**Provided records:**
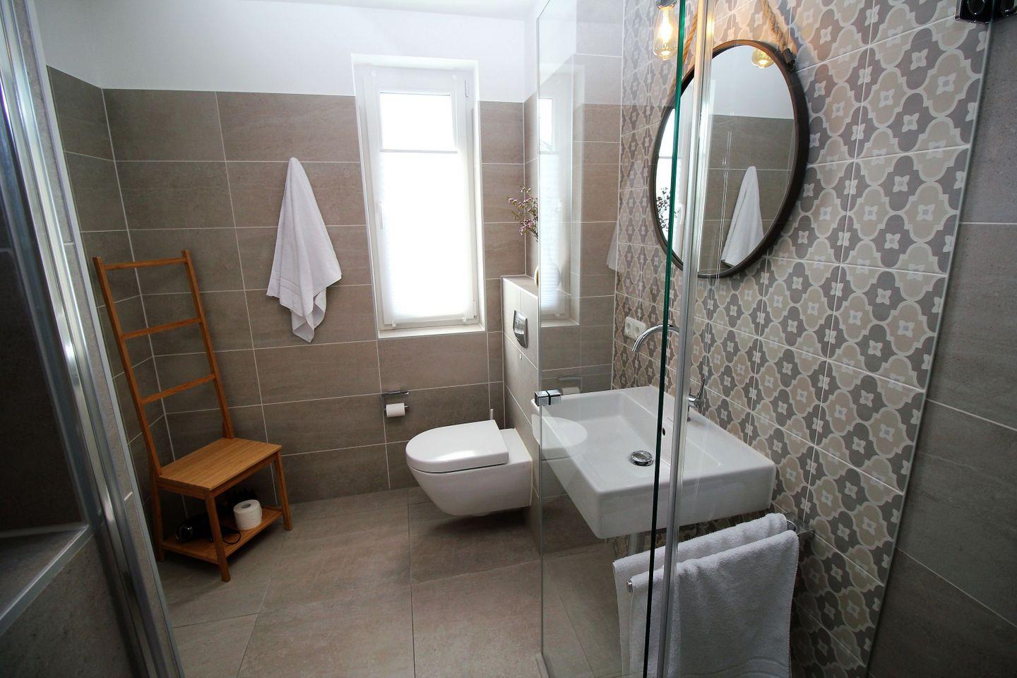 BAD // Tageslichtbad im Souterrain mit Dusche und WC, zusätzliches Gäste WC mit Dusche im Obergeschoss++
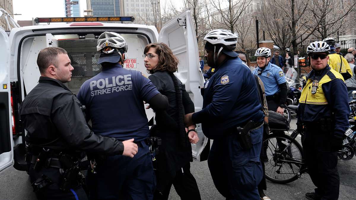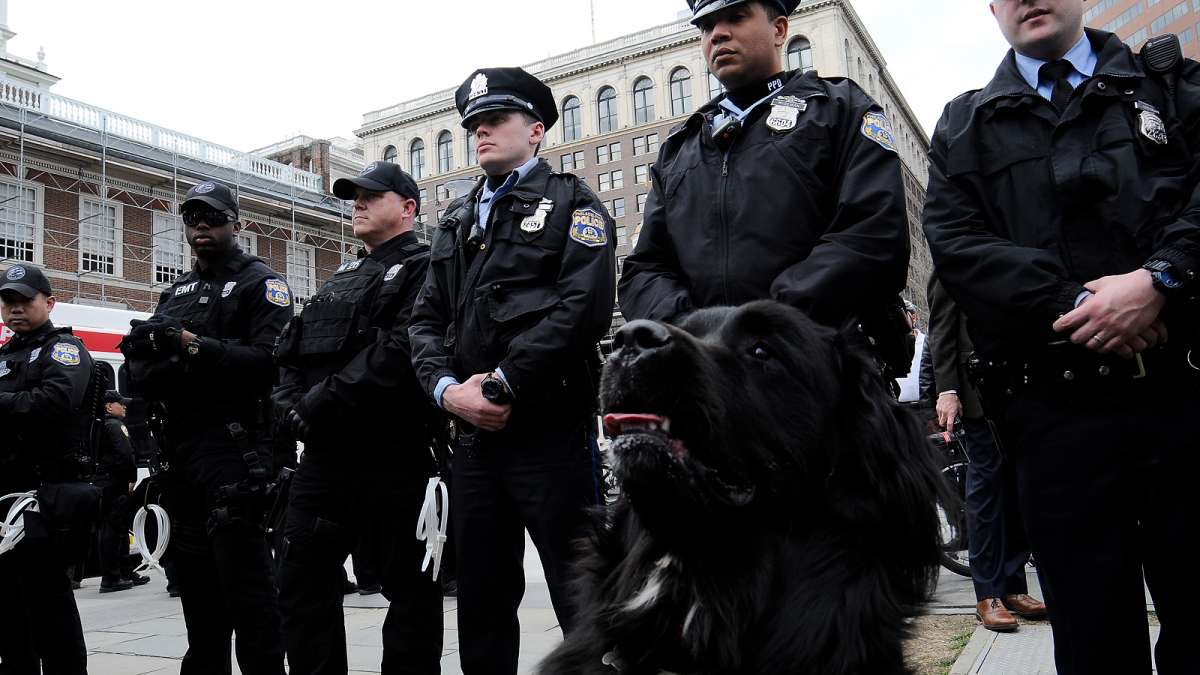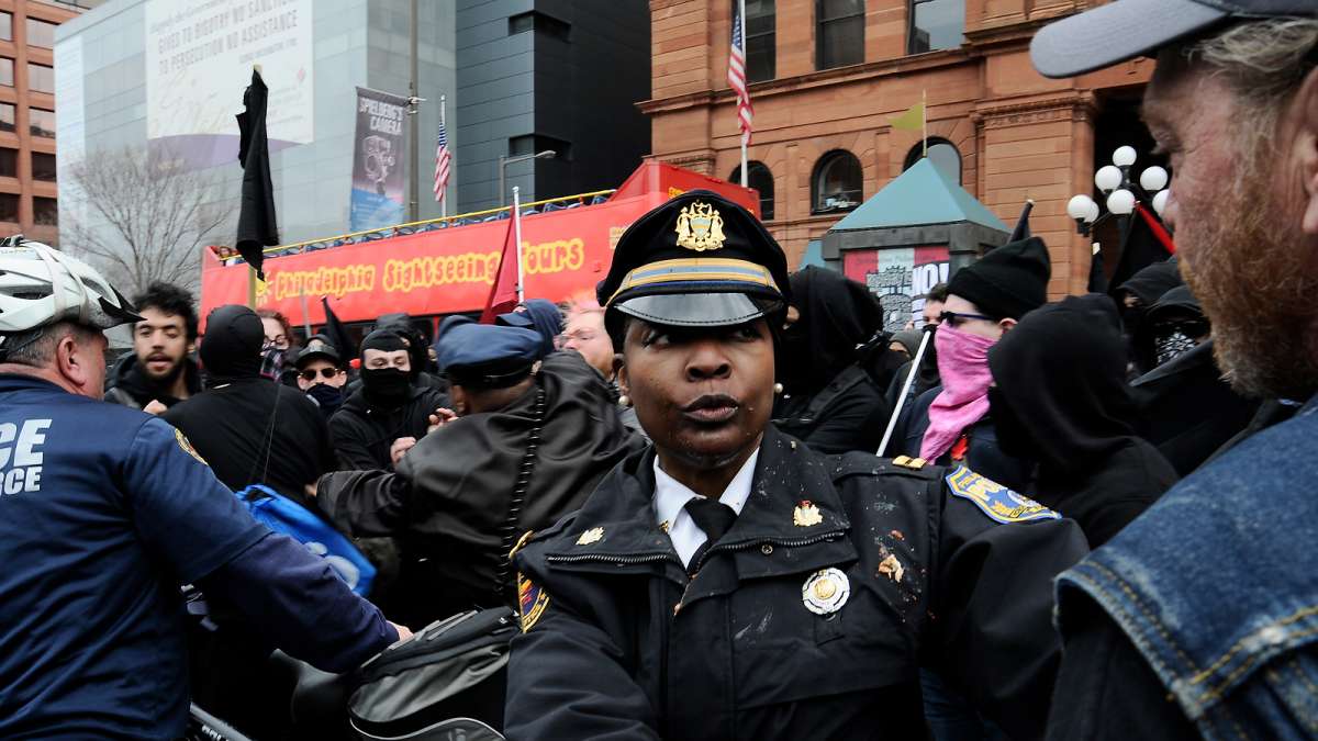 He forced the march to turn around at 16th and JFK Boulevard — about halfway to the Art Museum steps — as bicycle police formed two columns on either side of the protestors to protect them from counter-demonstrators.
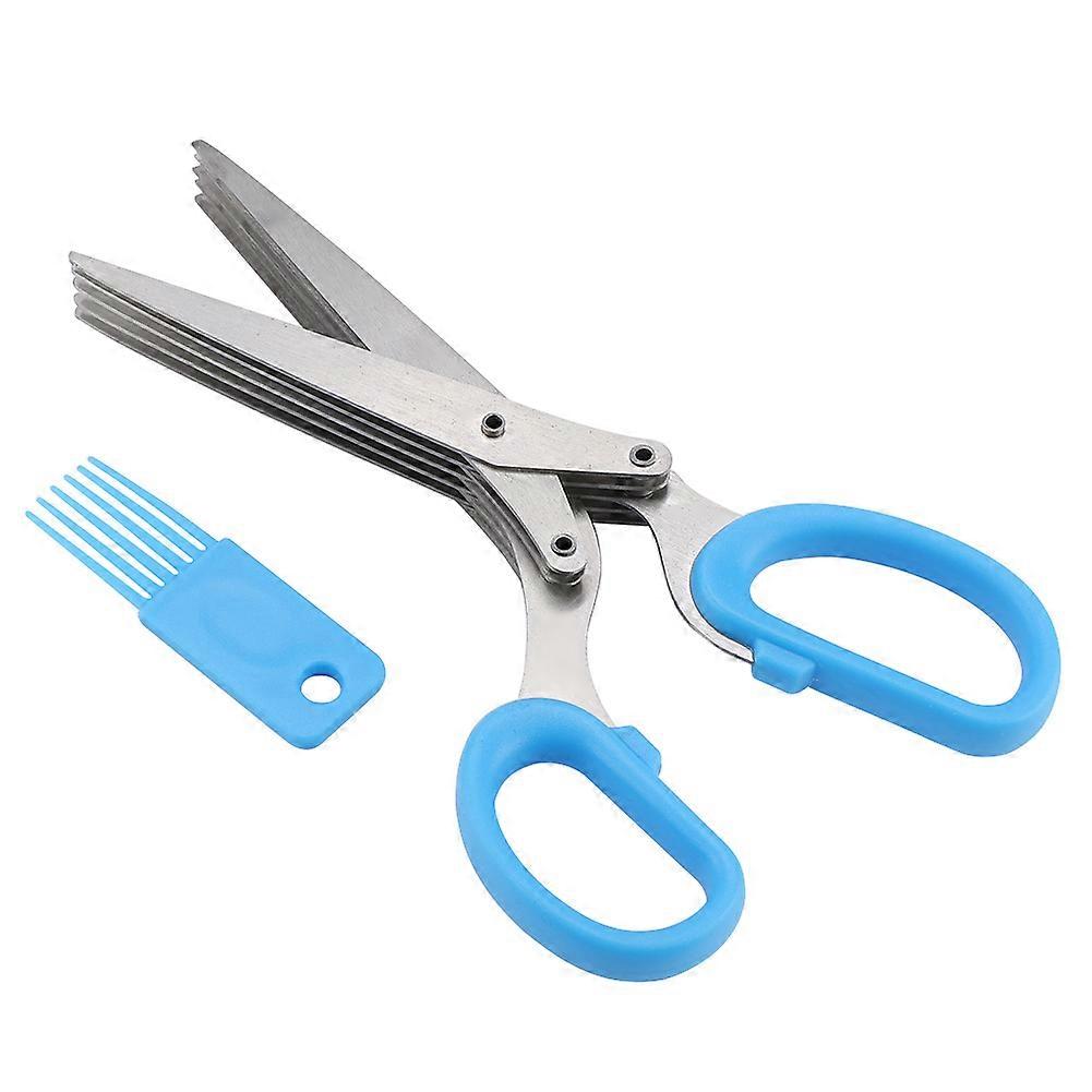 5-Layer Stainless Steel Kitchen Scissors, Scallion Grater and Sushi Tool (Blue)
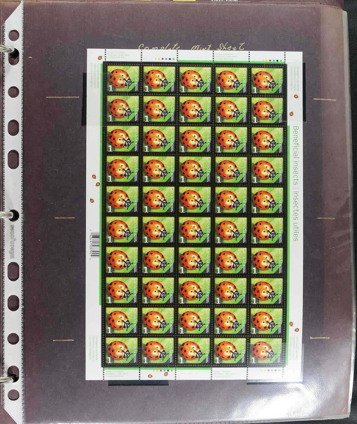 In-depth collection of primarily mint never hinged low value "Beneficial Insects" definitives, October 2007, covering Unitrade #s 2234-2238, all in hingeless mounts in over 50 well described pages, housed in a binder. The collection contains a mint and used singles (including booklet stamps), multiples, matched set of plate blocks (mint and used), for most issues, sheetlets (mint and a few used), and first day covers. Face value alone totals $101.00. A lovely collection of these popular issues. 2024 Unitrade =
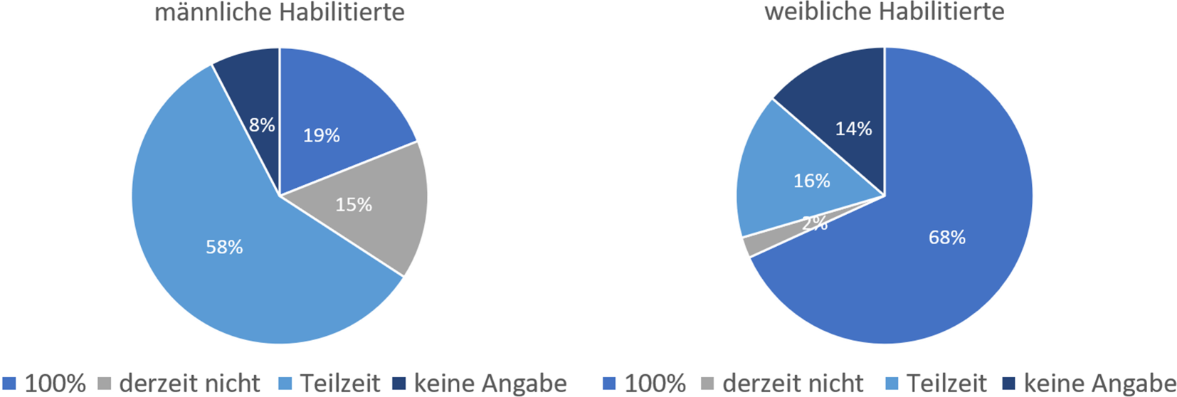 Habilitierte Frauen mit Kindern haben deutlich häufiger und länger Elternzeit genommen als ihre männlichen Kollegen. Hier beträgt der Unterschied bezüglich der Häufigkeit annähernd 50 %. Zusätzlich zu der Elternzeit haben Frauen deutlich häufiger in Teilzeit gearbeitet. Der Unterschied liegt hier bei 65 % im Vergleich zu den männlichen Kollegen. Habilitierte Frauen reduzieren im Vergleich zu ihren männlichen Kollegen ihre Arbeitszeit somit häufiger temporär aufgrund der Kinderbetreuung und verlassen dadurch den geradlinigen Karriereweg. Tendenziell zeigte sich in der Altersgruppe von 30 bis 39 eine Änderung mit Zunahme des prozentualen Anteils an habilitierten Männern, die sowohl Elternzeit nehmen als auch Teilzeit arbeiten.

**Task objective:** Skip the pictures. Restate exactly the lines from the start of the entries through the line containing "5-Layer Stainless Steel", both ends included.

**Completed exercise:**
 BAD // Tageslichtbad im Souterrain mit Dusche und WC, zusätzliches Gäste WC mit Dusche im Obergeschoss++
 He forced the march to turn around at 16th and JFK Boulevard — about halfway to the Art Museum steps — as bicycle police formed two columns on either side of the protestors to protect them from counter-demonstrators.
 5-Layer Stainless Steel Kitchen Scissors, Scallion Grater and Sushi Tool (Blue)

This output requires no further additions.